Abierto el Puente Viejo de Monzón al paso de peatones

Ya está abierto al paso de peatones el Puente Viejo de Monzón, en cuya estructura se han colocado unas placas de hierro. La solución provisional permanecerá hasta el inicio de las obras de rehabilitación de la infraestructura, la próxima primavera.

La pasarela, de dos metros y medio de anchura, se apoya en la parte central de la calzada y está flanqueada por vallas. La solución se adoptó una vez que de manera oficial los últimos asesoramientos técnicos solicitados, previo estudio en detalle del estado de la estructura, contemplaron esta posibilidad tomando las medidas oportunas. Cabe recordar que en agosto se cerró al paso de peatones tras detectarse problemas en su seguridad. El comercio de Monzón venía demandando desde entonces soluciones, ya que el sector de la zona se veía afectado, por las pérdidas en caja y ante posibles pérdidas de fidelización.

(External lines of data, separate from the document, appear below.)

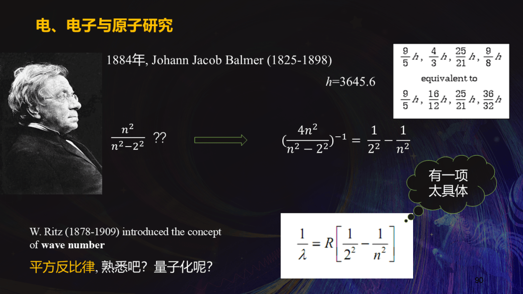 结果呢,还发现在氢的放电灯里面真的找到了别的谱线,尤其是红外那个部分,叫爬行线系,真找着了。这就有意思了。原子的发光竟然和一个公式,n,m是整数这样的一个简单的公式联系到一起了。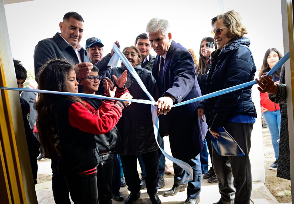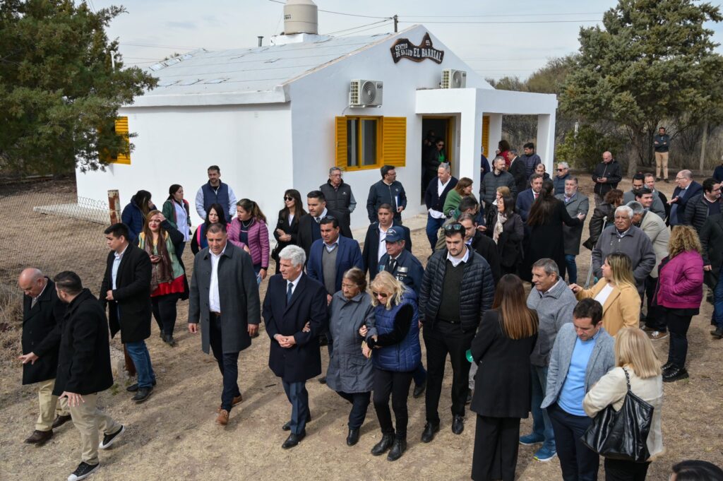 Luego, el gobernador Poggi, los vecinos y los estudiantes de la Escuela N°310 ‘Ricardo Rodríguez Saá’ de El Barrial, que funciona en el mismo predio, a la vera de la ruta N°146, realizaron el descubrimiento de una placa, el corte de cinta y un recorrido por el lugar.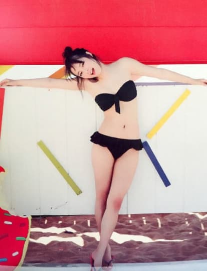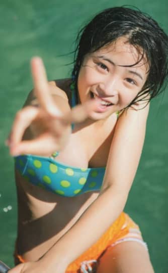 「黒い水着姿」で両手を全力で広げて、顔をかなり横にかしげ、脚先をクロスさせている全身から、私には「若さ」という勢いを感じさせてくれる「広瀬すず」の画像なのです!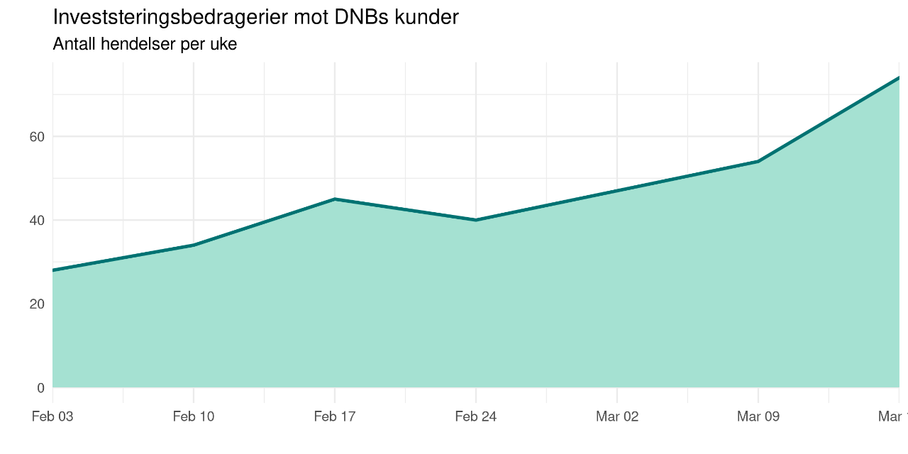 Det opplyser bedrageriekspert i DNB, Terje A. Fjeldvær. Han ser grunn til å varsle om at antall investeringsbedragerier mot DNBs kunder har mer enn doblet seg siden begynnelsen av februar.

En un comunicado, la concejal de Urbanismo, Elisa Sanjuán, recuerda el inicio y posterior proceso hasta llegar a esta solución. En el mismo destaca que la decisión del cierre del puente se toma por los ingenieros de la Confederación Hidrográfica del Ebro, tras emitir un informe en el que detallan los daños que sufren las vigas que se apoyan en la estructura original y que fueron colocadas en el año 1970. El problema aparece cuando se procedía a reconstruir las aceras y son los técnicos quienes ante la situación de las vigas recomienda que el puente no sea abierto. La CHE en ese momento y al estar próximas las fiestas patronales ofrece la posibilidad de instalar la pasarela de los pontoneros, como así se hace.

Tras retirar el paso de los militares, se recibe el informe de la estructura del puente realizado en el mes de julio por encargo de los arquitectos que están trabajando en el proyecto de rehabilitación del mismo y que será asumido por la DGA con un presupuesto de unos 600.000 euros.

En ese informe se afirma que el arco central presenta una rotura parcial en su geometría, lo que hace que no goza de la total seguridad estructural que sería preceptiva para una estructura de este tipo, lo que tampoco se ve beneficiada ante la fisuración de las bóvedas. Las condiciones estructurales del tablero actual y, en especial, los voladizos no ofrecen ninguna confianza. En base al mismo, la arquitecta municipal concluye que no es viable la apertura de un paso peatonal sobre el mismo.

Conocidos los informes se entendía desde el Ayuntamiento que no era conveniente esta apertura y actuar con prudencia, en un tema en el que está en juego la seguridad de las personas, pero, a pesar de ellos, se ha decidido apurar las opciones hasta encontrar está solución para abrir un paso peatonal.